┌──

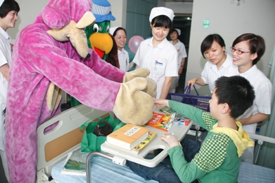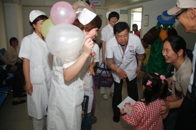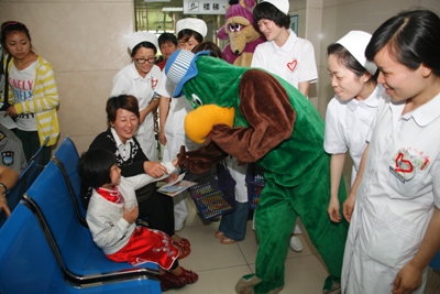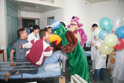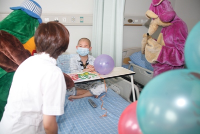 早上七点半,9名天使志愿者带着礼品,分别去了血液科、儿科病房、儿科门诊及输液大厅。每到一处,大鹦鹉与米老鼠的扮演者王建华、钟国平(实习医生),穿着厚厚的卡通外衣,将书画、气球等各种小礼物和祝福送到了孩子们及家长的手上,并与孩子们进行互动。孩子们都暂时忘却了病痛,脸上洋溢着节日的喜庆。
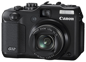 「PowerShot G12」は、有効約1000万画素のCCDと映像エンジン「DIGIC 4」を組み合わせた「HS SYSTEM」を採用した上級者向けモデル。夜景や室内などの暗いシーンの撮影に強い。焦点距離が28-140mm相当(35mmフィルムカメラ換算)の光学5倍ズームレンズを搭載する。最短1cmまで被写体に近づいたマクロ撮影ができる。
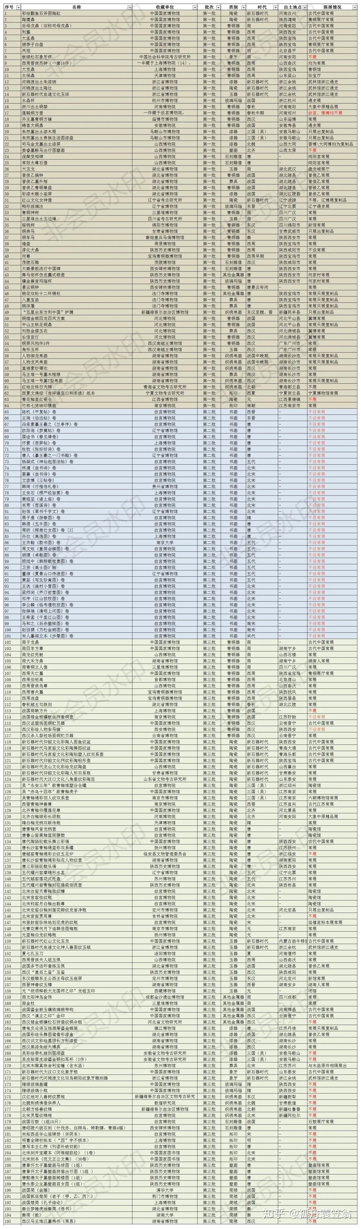 序號 名稱 時代 級別 現(xiàn)藏 批次 年度
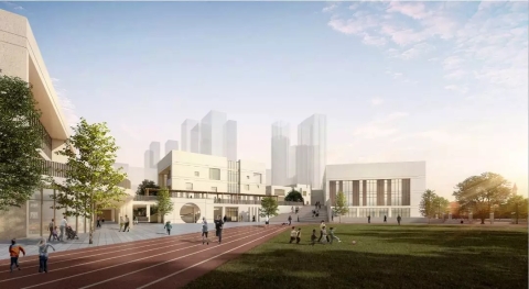 江南学校采用屋顶操场设计,将小学部与初中部分割开来,其底部为风雨操场及容纳600人的综合汇报厅,同时在场地北侧设置综合行政楼以增加从机场路高架方向的整体层次感。
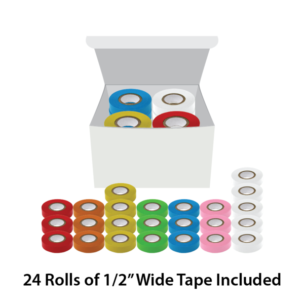 Labeling Tape, 1/2" x 500", Assorted Colors (5 white, 4 yellow, 3 blue, 3 green, 3 orange, 3 pinkGLO-LT-05X500RW
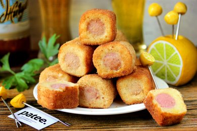 Обычные корн-доги размером с леденец на палочке. Их очень удобно есть, к тому же выглядят они весьма аппетитно.

└──

Exact repetition is required for the lines from the first one in the listing through the one that holds "序號 名稱 時代 級別 現(xiàn)藏 批次 年度", and pictures are to be omitted.

 早上七点半,9名天使志愿者带着礼品,分别去了血液科、儿科病房、儿科门诊及输液大厅。每到一处,大鹦鹉与米老鼠的扮演者王建华、钟国平(实习医生),穿着厚厚的卡通外衣,将书画、气球等各种小礼物和祝福送到了孩子们及家长的手上,并与孩子们进行互动。孩子们都暂时忘却了病痛,脸上洋溢着节日的喜庆。
 「PowerShot G12」は、有効約1000万画素のCCDと映像エンジン「DIGIC 4」を組み合わせた「HS SYSTEM」を採用した上級者向けモデル。夜景や室内などの暗いシーンの撮影に強い。焦点距離が28-140mm相当(35mmフィルムカメラ換算)の光学5倍ズームレンズを搭載する。最短1cmまで被写体に近づいたマクロ撮影ができる。
 序號 名稱 時代 級別 現(xiàn)藏 批次 年度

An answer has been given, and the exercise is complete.